Мысль все время возвращается к этой мыши. Ульяне становится ее жалко, как самое себя. Кажется, что это вовсе не мышь, а ее собственная потерянная душа рвется из затхлого и холодного подпола к теплу и жизни. Но постепенно мышь становится противна упрямством, страхом, бессмысленной и темной жаждой жизни, противна от тонких и подвижных усиков до голого хвоста. Усталое тело протестует и не находит себе места на жестких нарах, среди пахнущего чужим потом и духом тряпья. Молочный запах и спокойное дыхание детей проясняют помутившееся сознание. Вера и покой приходят, когда ночь уже кончается, и под глазами залегает синева, под глазами и возле губ прорезаются тонкие, как пчелиное жало, морщинки. Завтра она узнает о них без зеркала. Узнает по вздоху сына, по новому слову, пришедшему за ночь к дочери, по ее крепнущему топотку, по яснеющим осмысленным глазам детей, по тем новым, неведомым ей раньше черточкам на лице, в характере, в их поведении. Вот где она и видит, считает свои морщины.
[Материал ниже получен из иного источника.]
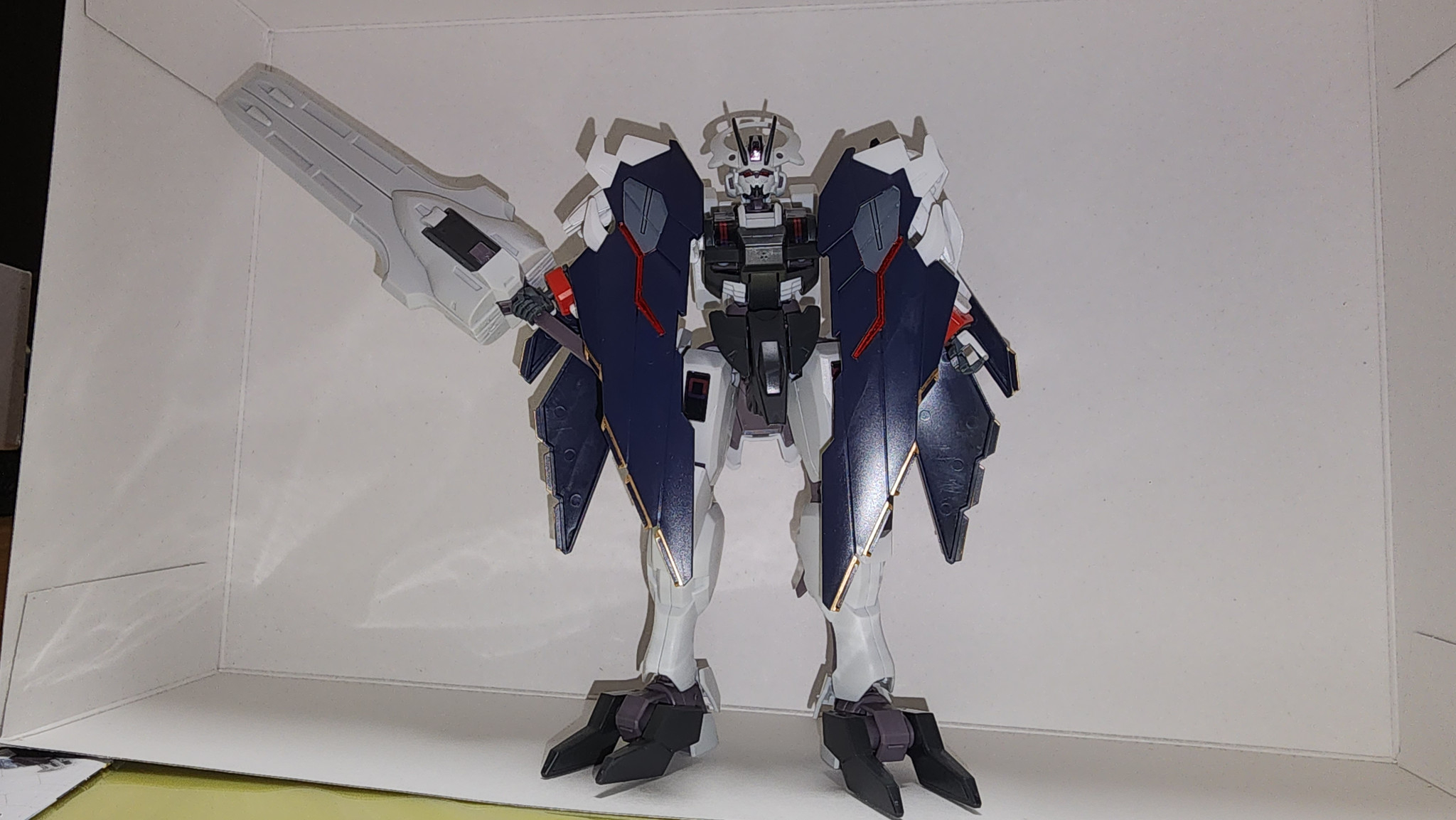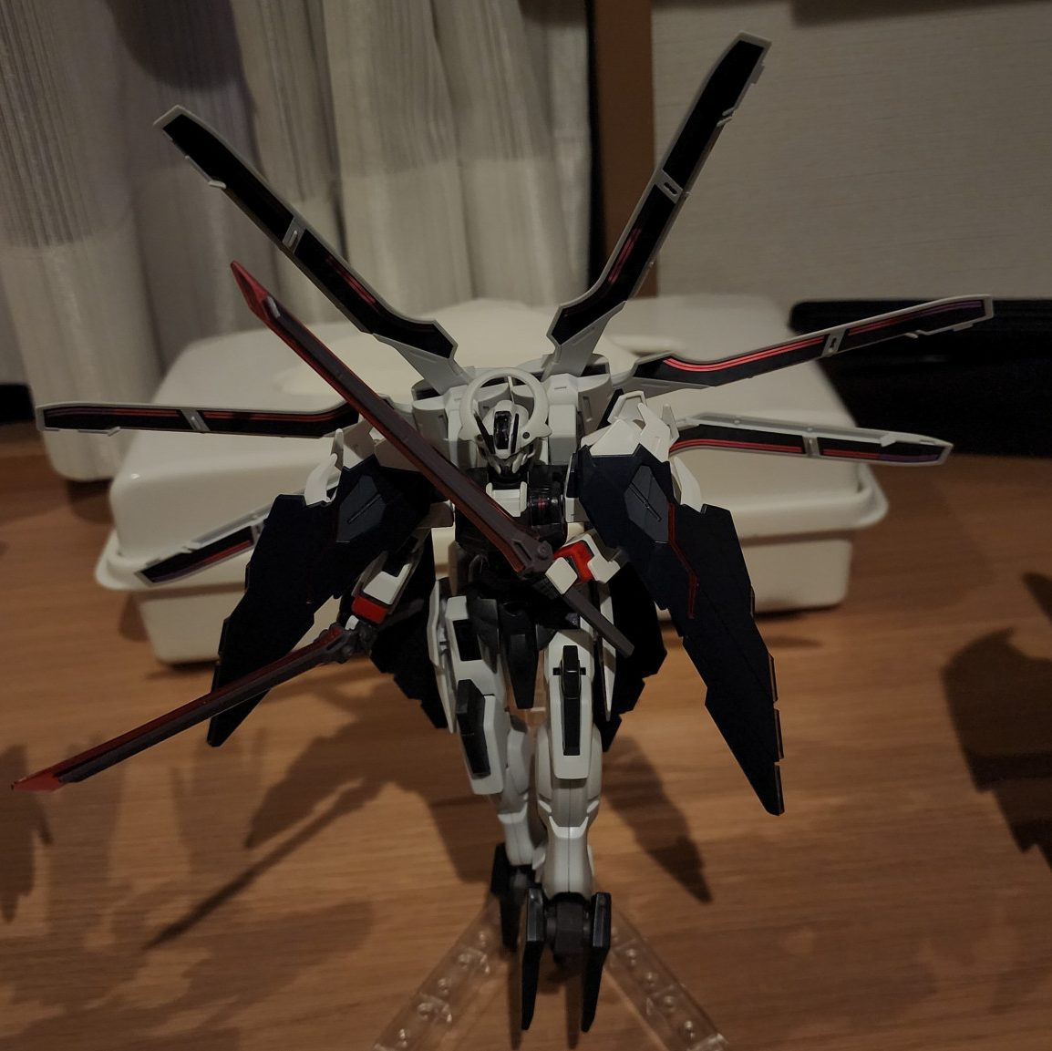 過去に夫から誕プレ出もらったフルクロスと自分で買ったシュバルゼッテを組み合わせたら「コレ絶対カッコイイ気がする…」と思い立って2機とも作ってからシュバルゼッテとフルクロスの腕と肩を組み合わせて脚を裏返してカラス感を増し増しにした作品です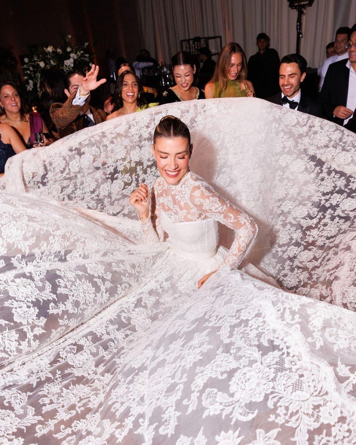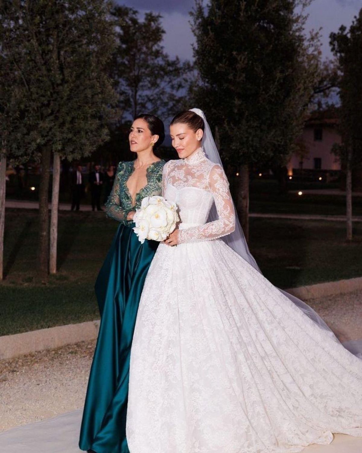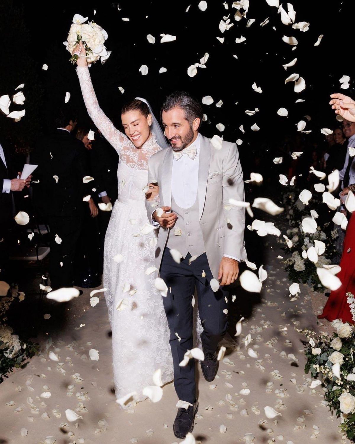 La novia, que es influencer y modelo, lució tres vestidos diferentes a lo largo de la velada, todos ellos de Dolce & Gabbana. El de la ceremonia fue un voluminoso vestido de novia con corte de princesa y una cola de más de dos metros de largo.

Чем румяней и здоровей щеки детей, тем впалее и морщинистее ее лицо. В этом и война, и беда.

Ульяна прислушивается. За стенами грохочет война. Война опять нагнала ее в тихой, затерянной среди лесов и болот деревушке. Нигде никому нет от нее покоя.

Война дыбила землю за деревенской околицей, разрывами снарядов, пламенем горящих сараев и пороховыми газами катилась по деревенской улице. И некому было тушить пожарища, и нельзя было понять: то ли день стоит на земле, то ли ночь.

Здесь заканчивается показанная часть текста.